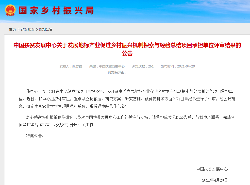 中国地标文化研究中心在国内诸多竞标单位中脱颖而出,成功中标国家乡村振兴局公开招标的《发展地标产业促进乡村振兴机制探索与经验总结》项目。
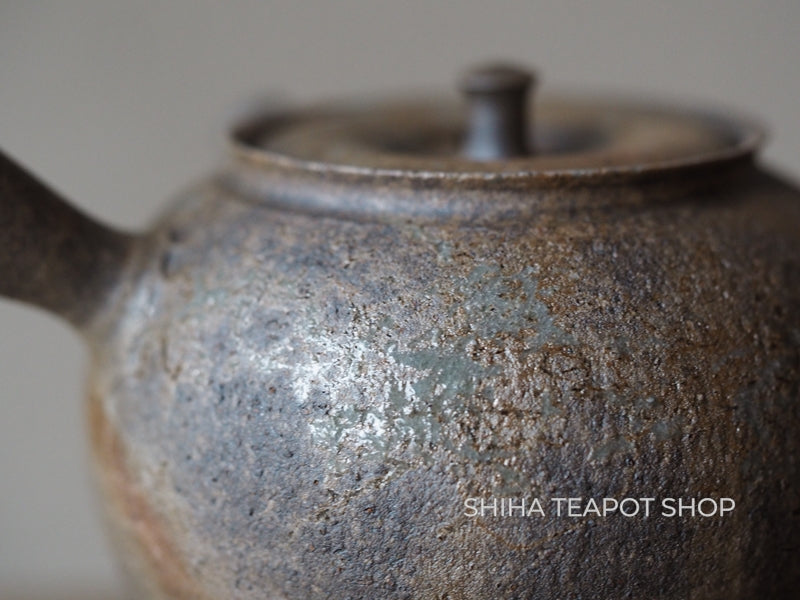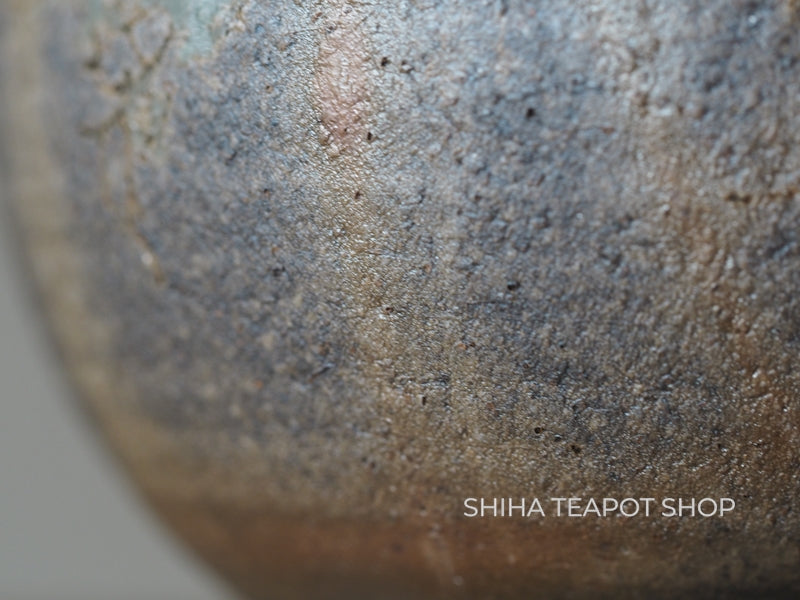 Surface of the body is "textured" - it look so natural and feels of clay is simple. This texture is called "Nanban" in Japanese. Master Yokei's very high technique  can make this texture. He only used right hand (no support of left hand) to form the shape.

--

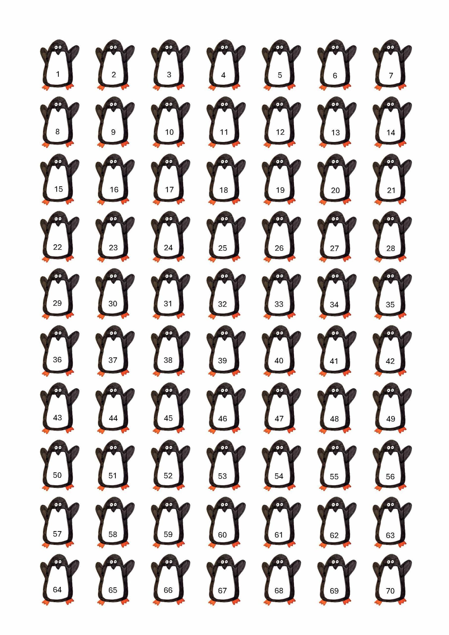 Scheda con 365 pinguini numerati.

---

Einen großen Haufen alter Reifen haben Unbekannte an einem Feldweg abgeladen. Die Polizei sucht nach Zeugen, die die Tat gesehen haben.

### What is being asked
Only one stretch of the listing is wanted: the lines starting at the one with "中国地标文化研究中心在国内诸" and ending at the one with "Surface of the", copied exactly and free of pictures.

### Answer box
 中国地标文化研究中心在国内诸多竞标单位中脱颖而出,成功中标国家乡村振兴局公开招标的《发展地标产业促进乡村振兴机制探索与经验总结》项目。
 Surface of the body is "textured" - it look so natural and feels of clay is simple. This texture is called "Nanban" in Japanese. Master Yokei's very high technique  can make this texture. He only used right hand (no support of left hand) to form the shape.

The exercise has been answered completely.